WHAT YOU WILL DO: Set down, word for word, each line from the top of the data through the line that has "Comfy country home"; omit every picture.

*** Opening SOURCE RECORDS ***

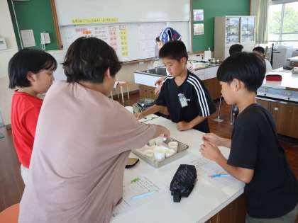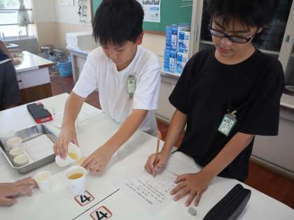 いろいろなだしを味見し、だしの大切さに気付いた子どもたち。
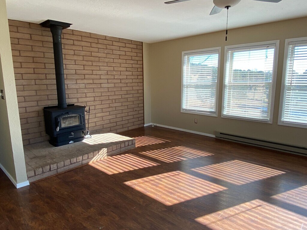 Comfy country home on 3 plus acres. Front entry leads to an open floor plan with large great room flooded with southern windows, a woodstove, and access to second story deck. Spacious kitchen with Corian countertop, ample cabinets, and new appliances is a chef’s delight. Dining room is large enough for a second living area. All with laminate flooring. Primary bedroom with walk in closet and full bath. Two other bedrooms and bath all with new carpeting. Large laundry room adjacent to bedrooms. Lower level has a multi-purpose room with half bath and closet. Oversized garage with workshop area. Fully perimeter fenced and cross fenced with pasture area and gates. Two stall pre-fab barn with hay storage and tack room. On community water, county roads, peaceful neighborhood. Easy access to Edgewood and Alb. Livestock requires a pet rent. Best to call Liz for phone interview, .
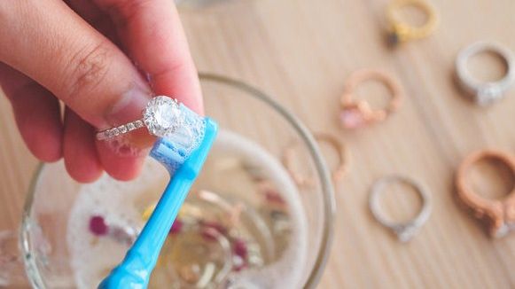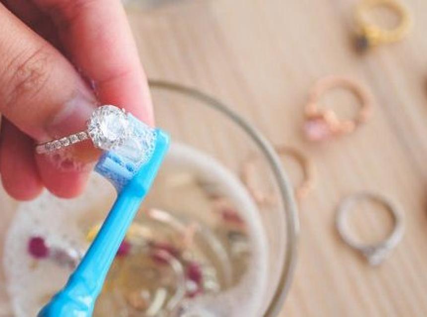 Ovo je jedan od najlakših i najsigurnijih metoda za čišćenje bižuterije kod kuće. Razblažite malo sredstva za pranje suđa s toplom vodom u posudi. Potopite nakit i ostavite da odstoji 10 minuta kako bi nakupljena prljavština omekšala. Nježno operite nakit četkicom za zube; ne zaboravite na ćoškove i manje dostupna područja. Isperite hladnom vodom i osušite nakit mekom krpom.
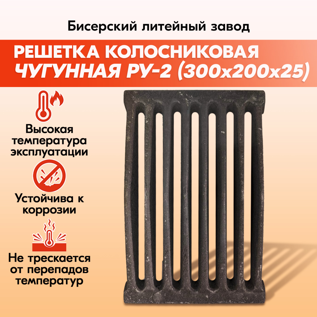 Решетка колосниковая РУ-2 (300х200) чугунная для печи и котла,правильные колосники для печки и котлов, литье для печи
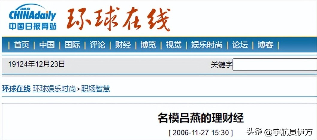 《环球在线》在2006年11月27日发布关于“名模吕燕的理财经”的报道
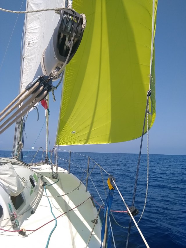 La navigation fut fantastique, la vitesse constante et le bateau réagissait à la perfection. Le pilote conservait son cap pendant que moi, je m’amusais à régler l’écoute du gennaker.
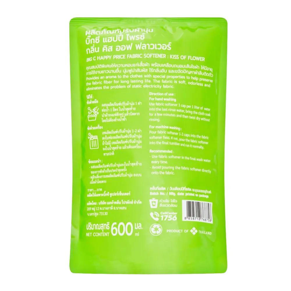 บิ๊กซี แฮปปี้ ไพรซ์ น้ำยาปรับผ้านุ่ม กลิ่นคิส ออฟ ฟลาวเวอร์ 600 มล.
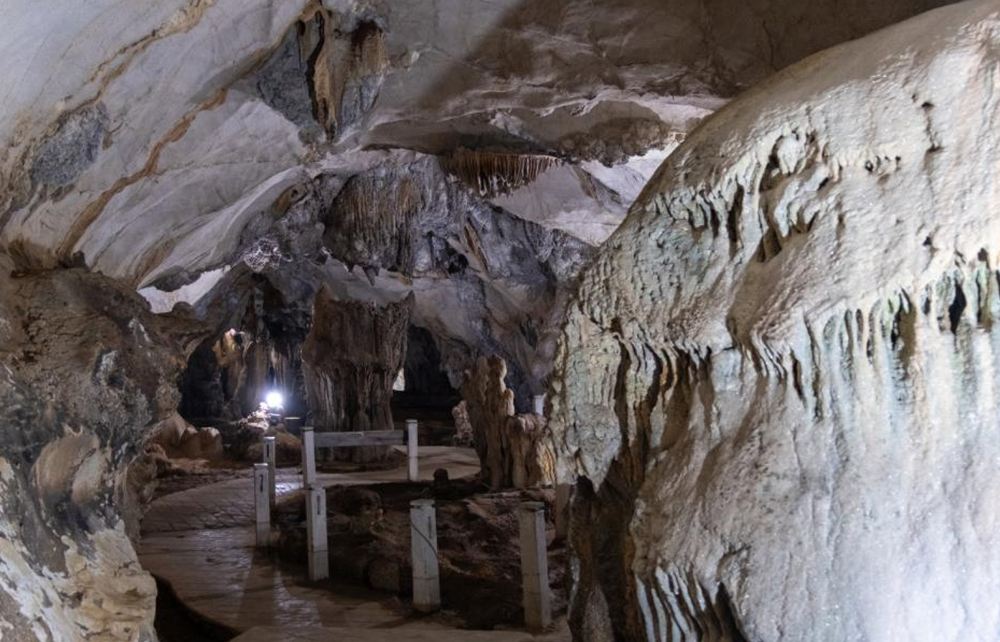 ▲ 坦江溶洞:是万荣盛名的岩洞,主洞室里通过石灰岩壁上开凿的豁口可以欣赏到河谷绚丽的景色,还可在旁边的泄湖戏水游泳。
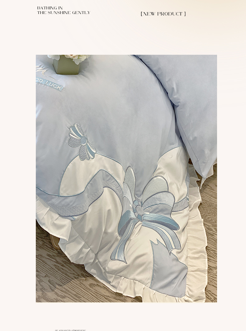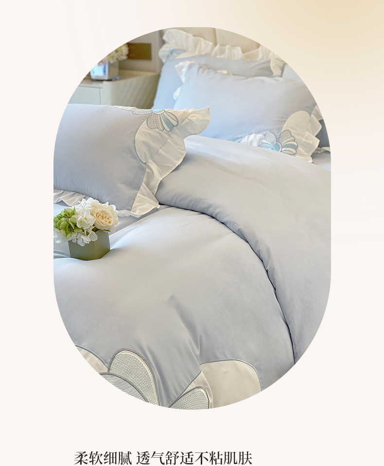 苏源家居 2024新款公主风亲肤棉刺绣四件套-甜心蝴蝶 甜心蝴蝶-蓝色
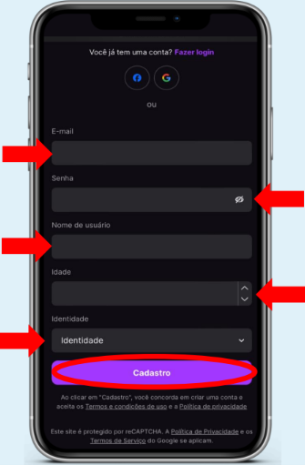 Insira os dados da conta que quer conectar ou da nova conta. Preencha todas as informações solicitadas no site e depois clique em “Cadastro”.
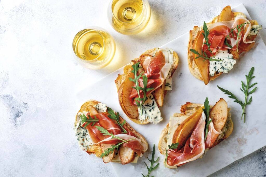 Para comenzar disfrute croquetas de chorizo español o tostadas de rabo de toro, un guiso típico de Córdoba, que podrá maridar con vino.
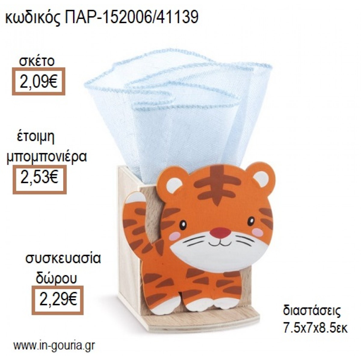 ΤΙΓΡΗΣ ΞΥΛΙΝΟ ΚΟΠΤΙΚΟ ΣΕ ΞΥΛΙΝΗ ΜΟΛΥΒΟΘΗΚΗ για μπομπονιέρες - γούρια ΠΑΡ-152006/41139 2.09€!!!
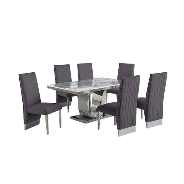 Ada 7-Piece White Marble Top with Stainless Steel Base Table Set with 6-Dark Grey Velvet, Nail Head Trim Chairs
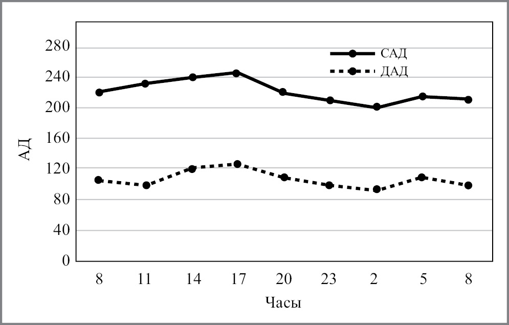 Рис. 2. Трехчасовое измерение АД при поступлении.

*** Closing SOURCE RECORDS ***

YOUR SOLUTION:
 いろいろなだしを味見し、だしの大切さに気付いた子どもたち。
 Comfy country home on 3 plus acres. Front entry leads to an open floor plan with large great room flooded with southern windows, a woodstove, and access to second story deck. Spacious kitchen with Corian countertop, ample cabinets, and new appliances is a chef’s delight. Dining room is large enough for a second living area. All with laminate flooring. Primary bedroom with walk in closet and full bath. Two other bedrooms and bath all with new carpeting. Large laundry room adjacent to bedrooms. Lower level has a multi-purpose room with half bath and closet. Oversized garage with workshop area. Fully perimeter fenced and cross fenced with pasture area and gates. Two stall pre-fab barn with hay storage and tack room. On community water, county roads, peaceful neighborhood. Easy access to Edgewood and Alb. Livestock requires a pet rent. Best to call Liz for phone interview, .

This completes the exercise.